Author fact: Graves taught “off and on” at Columbia and spent time wandering and writing (according to his biography).

Book trivia: the children’s version of Goodbye to a River was illustrated by Russell Waterhouse.

Playlist: “Annie Laurie”, Frank Sinatra, Ricky Nelson, “The Good Old Rebel”, “Beulah Land”, “Drink to Me Only”, “Flow Gently, Sweet Afton”, and “Rambling Wreck”.

BookLust Twist: from Book Lust in the chapter called “A River of Words” (p 201).

Safest Family on the Block

Brick, Jason. The Safest Family on the Block: 101 Tips, Tricks, Hacks, and Habits to Protect Your Family. YMAA Publication Center, 2025.
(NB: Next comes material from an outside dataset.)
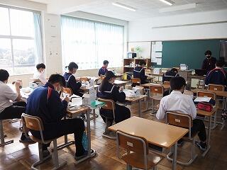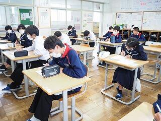 3年生は、今日、それぞれの希望する県立高校の推薦入試に臨んでいます。私立専願で決まった人たちは今日の午前中は学習です。頑張っている仲間に「頑張れ!3年生のみんな!」と、『念』じました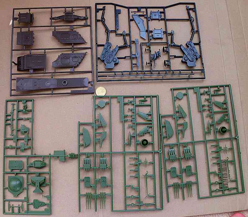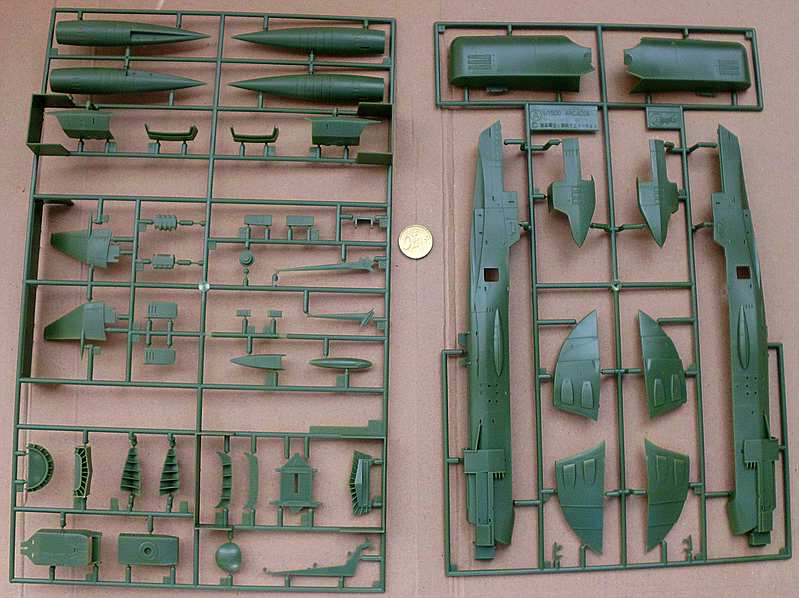 Spritzlinge: 5 grüne, 2 schwarze (Ständer), 1 brauner (Heck), 1 weisser, 1 gelber KLarsicht und 1 Gummi (für Geschütztürme)

The first thing that struck me about Safest is the number of introductions in addition to the preface and foreword. There is an introduction for every chapter (all ten of them) as well as an introduction to the book by Larry Hagner, a foreword by Andy Murphy
Jason Brick has consulted a plethora of people for how to keep his family safe: a parenting coach, author, registered nurse, Federal Air Marshall, several CEOs and presidents of companies, a safety influencer, fire safety captain, army sniper, mental health clinician, babywearing expert; even a SWAT team crisis negotiator and a US Secret Service agent. There are twenty experts testifying to the validity of Brick’s information.
It all started when he became a dad for the first time and the advent of COVID.
Each chapter of Safest is barely longer than two pages so despite it being jampacked with information, it is surprisingly short. Brick will teach you how to stay safe in a myriad of different situations: fire and accident, automobiles, school, online, sex, relationships, communication, travel and crime. He debunks popular myths like stranger danger and has a special chapter on school bullying and your child’s online life.
Favorite portion of the book: the Golden Rules Action Plan, a checklist of things to do for a safe environment at the end of every chapter.

Favorite quote, “Even if your action isn’t optimal, it will still be better than doing nothing.” Amen to that.

Author fact: you could call Jason Brick a jack of all trades. He is a writer (obviously), a safety expert (duh), but he also is a traveler and a martial artist.

Book trivia: Safest was born out of a “show” with one hundred episodes.